What is the Freezing Temperature of Water?

The freezing point of water is the same as the freezing temperature of air. Once water reaches 0ºC/32ºF, water freezes. (Source)

Do All Liquids have the Same Freezing Temperature?

Not all liquids will freeze at the same temperature. So we know the freezing point of water is 0ºC/32ºF, but that isn't the case for other liquids like juice.

Average juice has been found to require a colder temperature to freeze; its freezing point is -1.8ºC/29ºF. Also salt is commonly used to make ice melt and you can read the full scientific explanation of why salt melts ice here.

The reason why the freezing temperature of juice is lower than water is sugar. Juice has a high concentration of sugar and this sugar gets in the way of the H2O molecules forming their crystalline ice structure.
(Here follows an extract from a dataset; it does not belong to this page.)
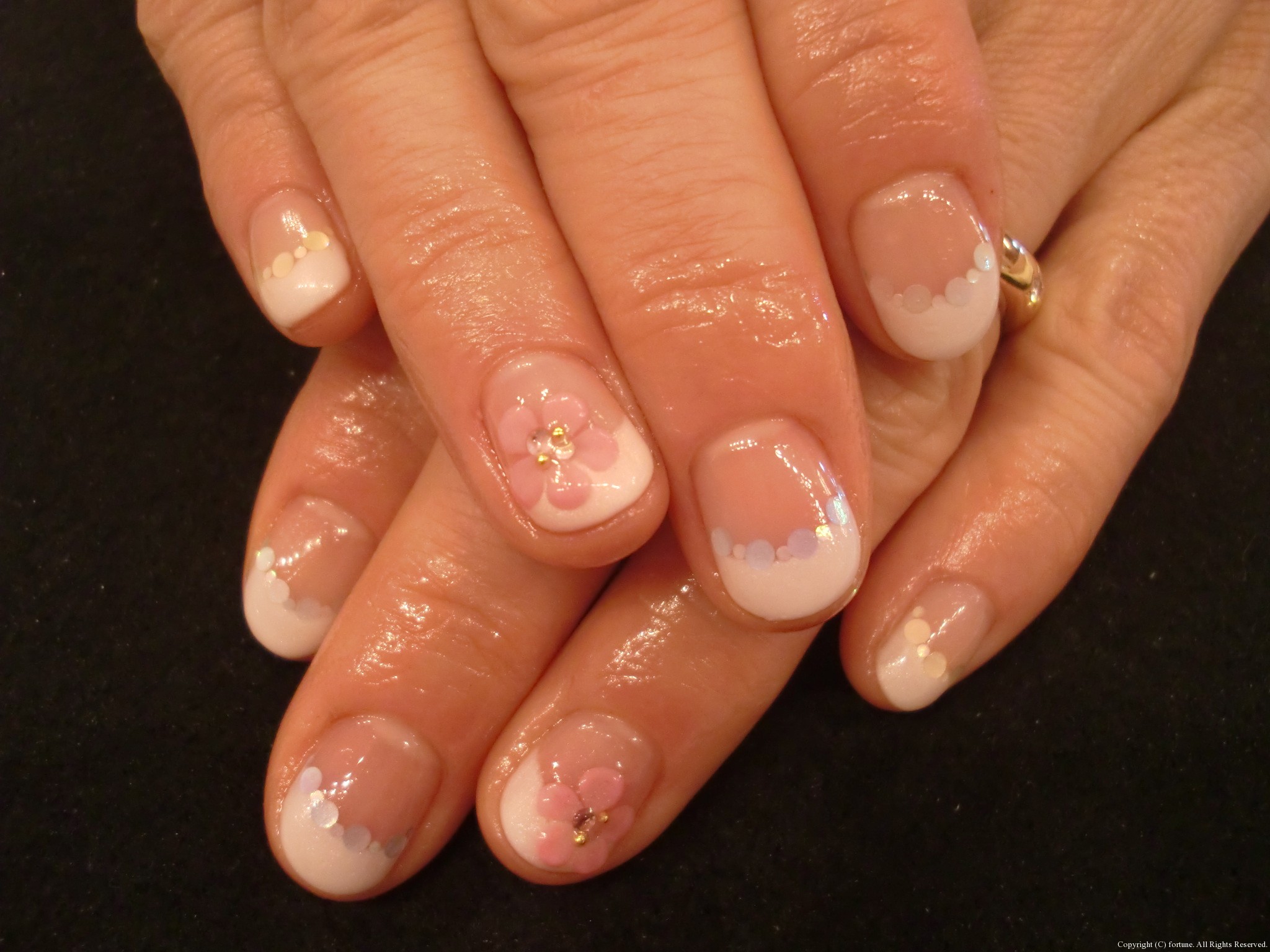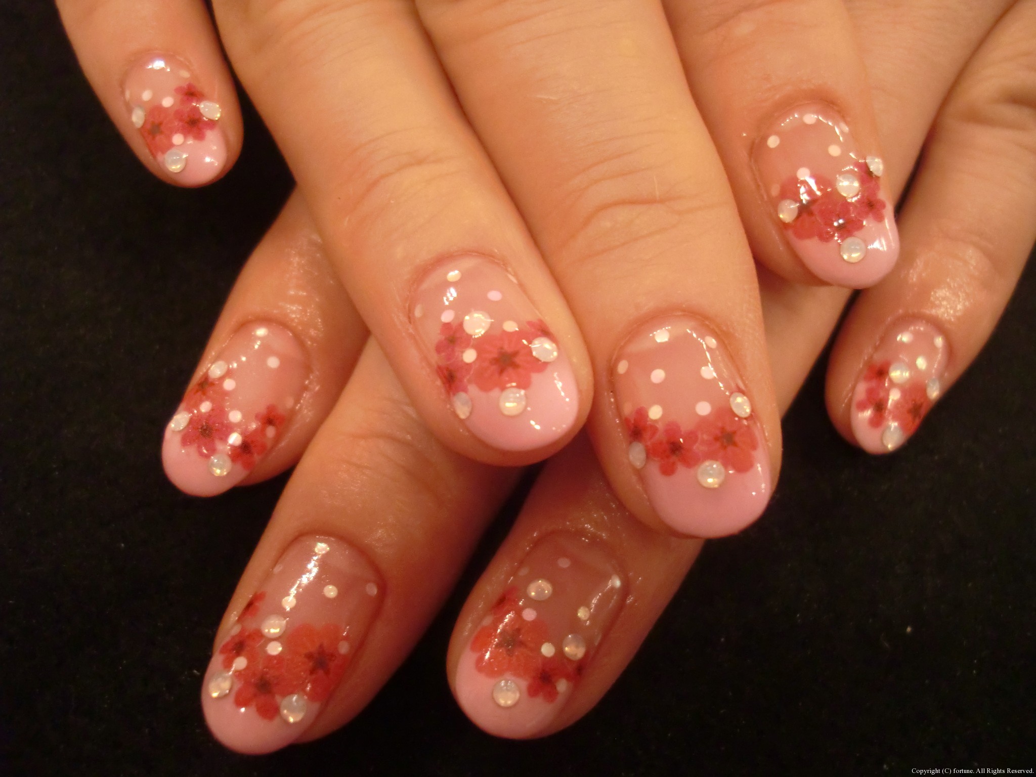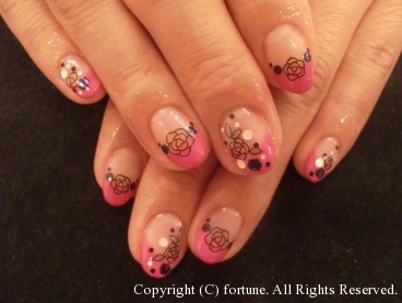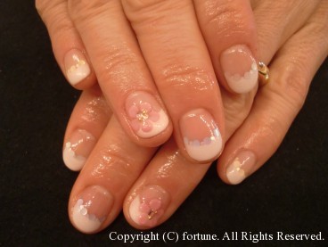 ピンクフレンチに赤のお花が満開です♡この季節にぴったりですね!!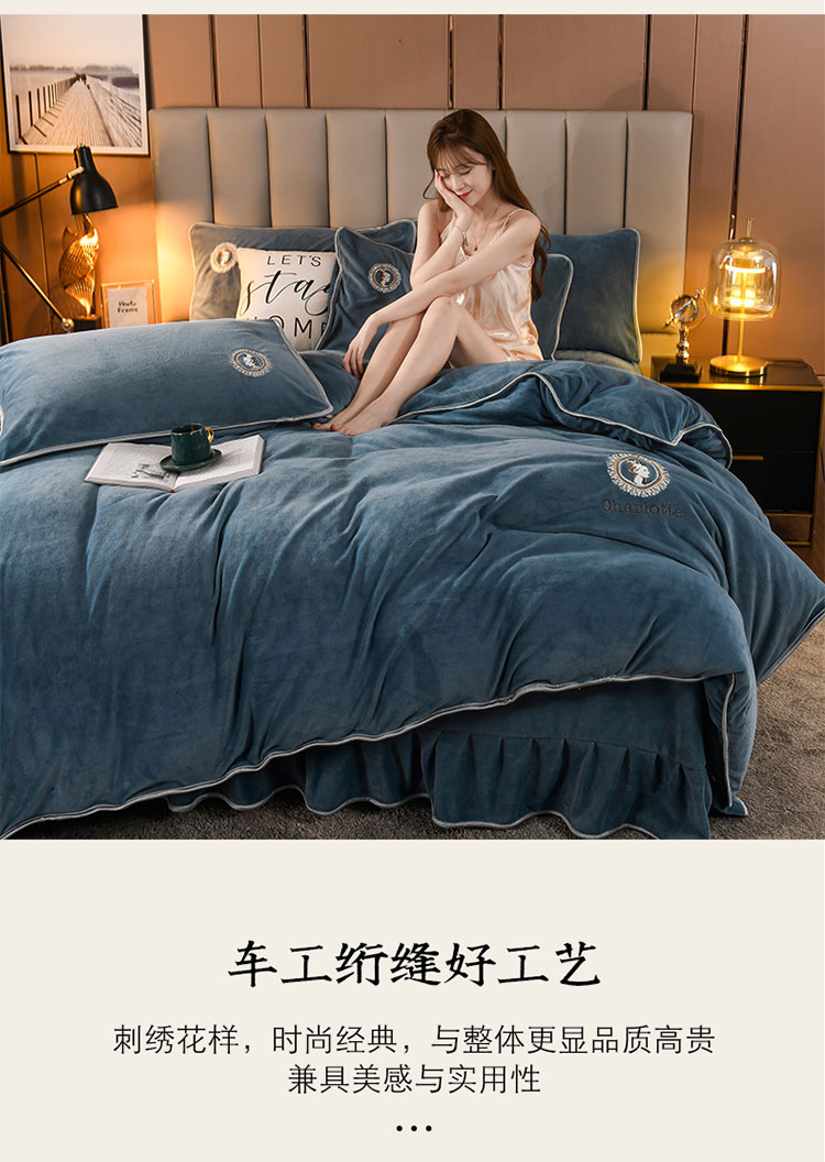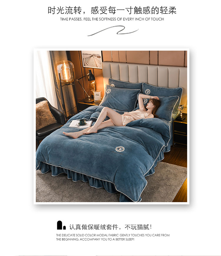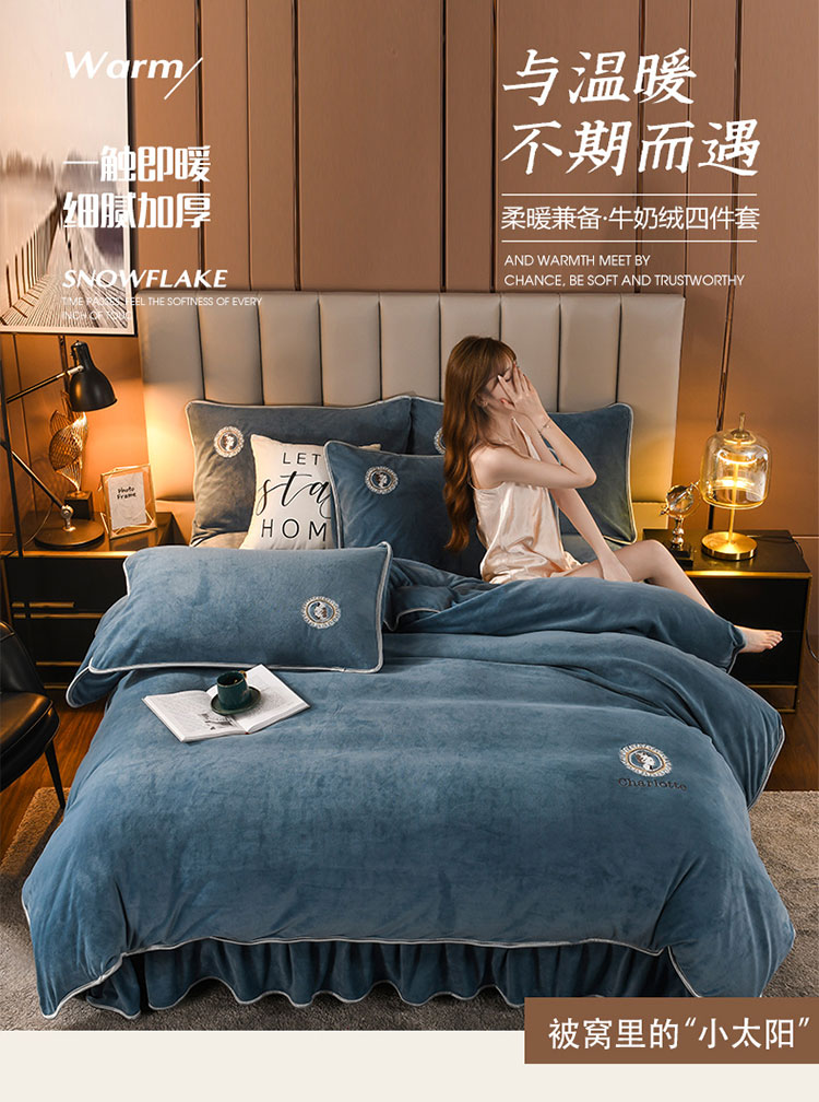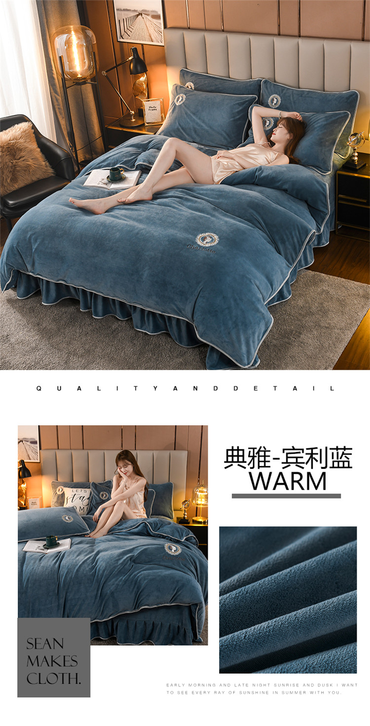 商品名称:迷仙巢 2021新款牛奶绒系列四件套典雅 典雅-宾利蓝

This is the same with salt and other products like vinegar (which can also be used to melt ice).

How Long Does it Take for an Ice Cube to Melt?

The time that it takes for an ice cube to melt is dependent on the conditions that the ice cube is in, which mainly concerns the temperature of the liquid and the temperature of the air surrounding the ice and liquid.

Room Temperature vs. Speed of Ice Melting

The average room temperature is roughly 68 degrees Fahrenheit or 20 degrees Celsius. Assuming that an ice cube is in a room of average temperature, is left untouched, and not exposed to any liquid, an ice cube will probably take at least five or six hours to melt completely. (Source)

Beverage Temperature vs. Speed of Ice Melting

Though it depends on who you're asking, people generally think that a good beverage should be between 40 to 50 degrees Fahrenheit, or between roughly 4.5 to 10 degrees Celsius. Assuming a constant of a normal room temperature, an average ice cube will take around fifteen minutes, give or take a few, to melt if submerged in a beverage of average temperature.

If you have a beverage that is warmer than 50 degrees Fahrenheit or ten degrees Celsius, that is perhaps room temperature, it may only take a minimum of five minutes to melt completely, again assuming the same constants as stated in the example above.

Once again maintaining the previously described constants of the environment, if you were to put an ice cube in a drink typically served hot, like hot tea or hot chocolate, you would be submerging the ice cube in a beverage of around 160 to 185 degrees Fahrenheit or about 70 to 85 degrees Celsius. At this temperature, an ice cube would take about only one minute to melt completely. (Source)

Is there a Way to Accelerate the Melting Process of an Ice Cube without Increasing the Temperature of the Liquid?

Besides the obvious method of putting the ice in warmer liquid, you can actually use sodium chloride, salt, to help the ice melt faster.

What salt does to ice is it basically melts tiny particles of the ice that it touches, and the salt doesn't combine with or strengthen the solid form of ice. This accelerates the melting process, which is one of the reasons why salt is put on icy roads.

Essentially, you are just substituting a small amount of the water in the ice cube with salt, which drops the temperature of freezing as addressed previously. (Source)

It is sometimes entertaining to watch an ice cube melt once you learn about the science behind the melting process.